Exercise instructions: Locate the line that contains "SpeedPro Max гибок" in the data that follows. Copy it and every subsequent line to the end, exactly, excluding pictures.

-------- Input data

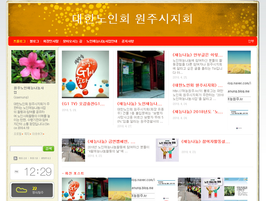 강원도 원주시지회(지회장 유종우)에서는 재능 나눔 활동 참여자와의 정보를 공유하여 노인사회활동의 이해도를 높이는 한편, 수행기관과 참여자 간의 원활한 소통을 위하여 재능 나눔 활동 블로그를 설치, 운영하고 있다.
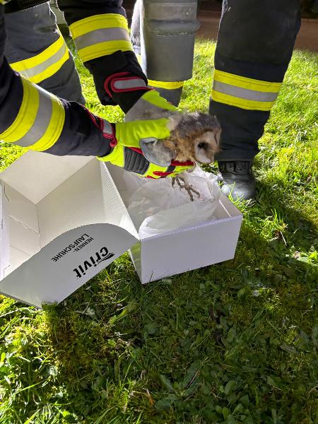 Die Kameraden zerlegten über die Drehleiter aus Lebach das Fallrohr und befreiten das hilflose Tier. Es wurde in einen Karton gesetzt und zurück ins Nest gebracht.
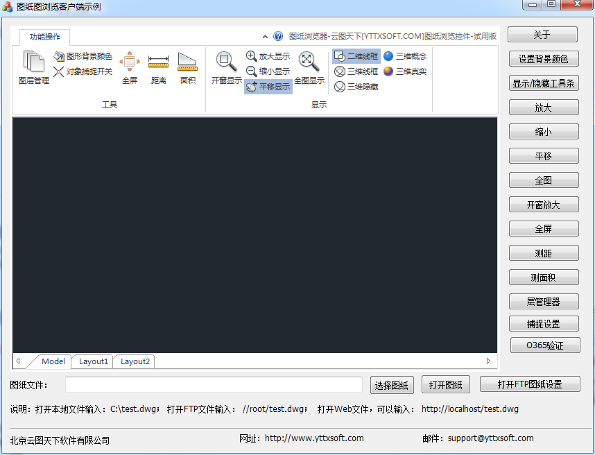 云图天下CADViewerCtrlPro(图纸浏览控件)是一款可以查看cad图纸的软件,无需安装cad软件就可以查看DWG、DXF和DWF文件,防止拷贝、另存和打印;提供平移、缩放、全图显示、测量距离面积和图层显示控制等功能;支持浏览R14-2015版本的图纸文件。
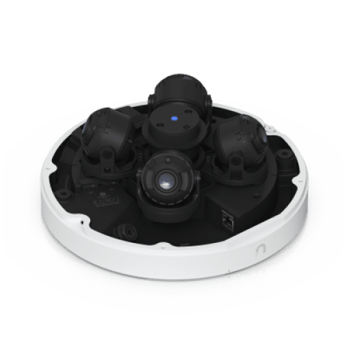 Cámara multisensor para exterior con resolución total de 32 MP, cobertura amplia mediante 4 sensores de 8 MP, zoom óptico 2.33x, audio inteligente, detecciones con IA, reconocimiento facial y reconocimiento de matrículas, alimentada por PoE++.
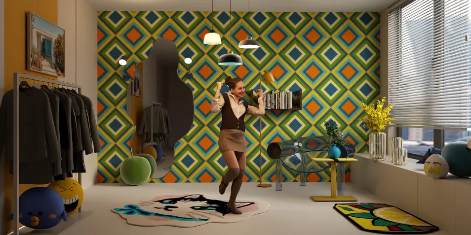 from now my dream when I get married to have a house full of colours (colourful) many pop colours together and to have a random style or geographical style.. so I decided to make a room with colours I love them together (orange yellow blue green) and make it little like a girly room 🔥 I hope guys you like it 😻🔥
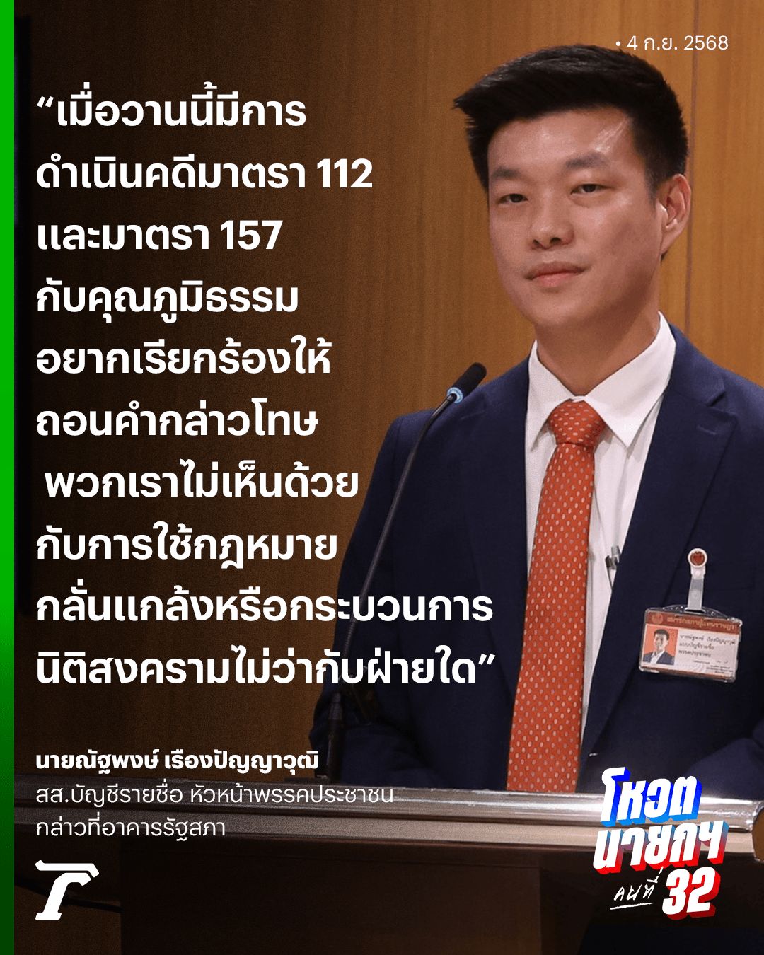 ประการที่ 2 เมื่อวานนี้มีการดำเนินคดีมาตรา 112 และมาตรา 157 กับนายภูมิธรรม ตนและพรรคประชาชนไม่เห็นด้วยกับการใช้เครื่องมือทางกฎหมายดำเนินคดีดังกล่าว อยากจะเรียกร้องให้ผู้ร้องถอนคำกล่าวโทษเพื่อสร้างบรรยากาศที่พวกเราสามารถหาทางออกให้กับประเทศได้ พวกเราไม่เห็นด้วยกับการใช้กฎหมายในการกลั่นแกล้งหรือดำเนินกระบวนการนิติสงครามไม่ว่ากับฝ่ายใด เป็นสิ่งที่ตนแถลงครั้งนี้ในนามผู้นำฝ่ายค้านและตัวแทนของพรรค
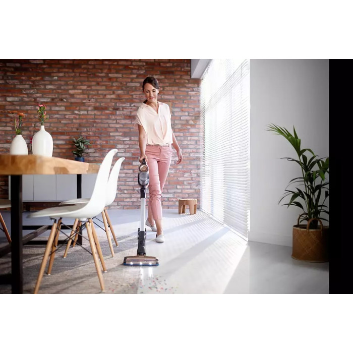 SpeedPro Max гибок и прост в маневрировании. Контейнер для пыли расположен в верхней части устройства, что позволяет поддерживать меньший угол наклона к полу и даже пылесосить в полностью плоском положении, чтобы добраться до пространства под низкой мебелью.
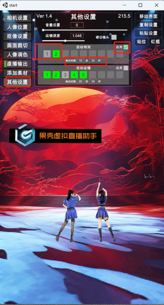 1) 如(rú)要(yào)設置自(zì)動運鏡/自(zì)動特效,勾選相(xiàng)應位置的(de)“啓用(yòng)”按鈕,綠(lǜ)色背景的(de)數(sh&ù)字 表示 把該特效/運鏡加入自(zì)動運行(xíng),灰色表示不(bù)參與自(zì)動運行(xíng),可(kě)以通(tōng)過鼠标點擊相(xiàng)應數(shù)字加入/退出。觸發時(shí)間(jiān)可(kě)以通(tōng)過鍵盤輸入,表示多(duō)長(cháng)時(shí)間(jiān)播放(fàng)下(xià)一(yī)組特效≥/運鏡
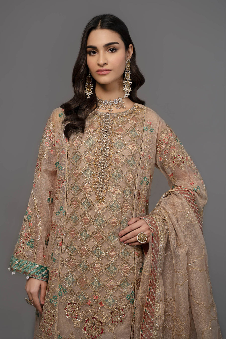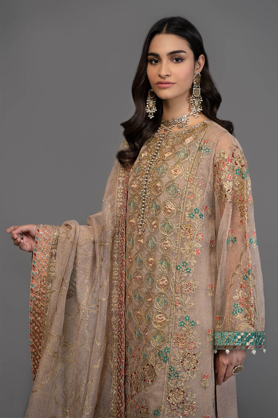 Embroidered Zari Net Sleeves with Pearl Finishings

----------------

Finished task:
 SpeedPro Max гибок и прост в маневрировании. Контейнер для пыли расположен в верхней части устройства, что позволяет поддерживать меньший угол наклона к полу и даже пылесосить в полностью плоском положении, чтобы добраться до пространства под низкой мебелью.
 1) 如(rú)要(yào)設置自(zì)動運鏡/自(zì)動特效,勾選相(xiàng)應位置的(de)“啓用(yòng)”按鈕,綠(lǜ)色背景的(de)數(sh&ù)字 表示 把該特效/運鏡加入自(zì)動運行(xíng),灰色表示不(bù)參與自(zì)動運行(xíng),可(kě)以通(tōng)過鼠标點擊相(xiàng)應數(shù)字加入/退出。觸發時(shí)間(jiān)可(kě)以通(tōng)過鍵盤輸入,表示多(duō)長(cháng)時(shí)間(jiān)播放(fàng)下(xià)一(yī)組特效≥/運鏡
 Embroidered Zari Net Sleeves with Pearl Finishings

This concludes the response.